There are a few ways they could make these cuts:
Require that Medicaid enrollees are working or seeking jobs (currently there is no requirement that you are actively looking for work or employed).
Right now, about 10 states let people stay enrolled in the program without needing to reapply year to year. Trump’s administration could repeal states’ ability to grant continuous eligibility, requiring people to reapply each year
Change the way states get money for Medicaid to make it so states are paid based on their population, instead of being ensuring benefits to any eligible applicant without limit
Another option is for Congress to cut back funding on the Affordable Care Act overall, not just Medicaid. They could do that by reducing or eliminating the subsidies that help people pay for premiums. These subsidies were enacted after Biden was elected, and are meant to sunset at the end of 2025.
One thing is clear: expect for the ACA to be in the news throughout 2025.

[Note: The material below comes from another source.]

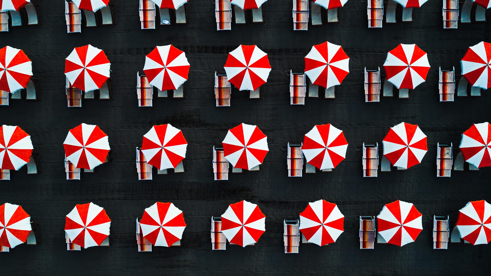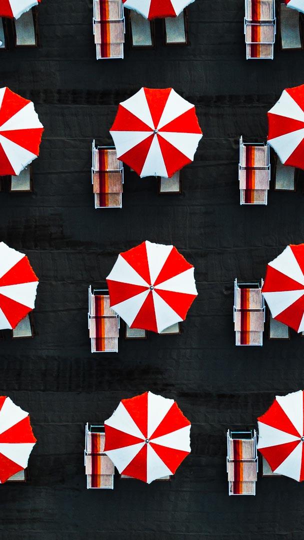 Geometria Marina Ombrelloni simmetrici visti dallalto, Massa, Toscana (© Abstract Aerial Art/DigitalVision)

Only in America, where the people voted for a bunch of billionaires who will protect their own wealth and ways of increasing it at all costs, even taking healthcare away from the most vulnerable. Our only hope is that Republicans fight so much among themselves over the levels of cruelty to inflict that they end up doing nothing. How many calls to a Senator from concerned constituents does it take to equal one call from Elon Musk threatening to fund that Senator’s primary challenger?
I am a healthcare provider in Alabama and also the sister of an adult with cerebral palsy who is fully dependent on the already meager funds she receives from unexpanded Medicaid. I am horrified and am in tears this morning; for my patients, my family, and America.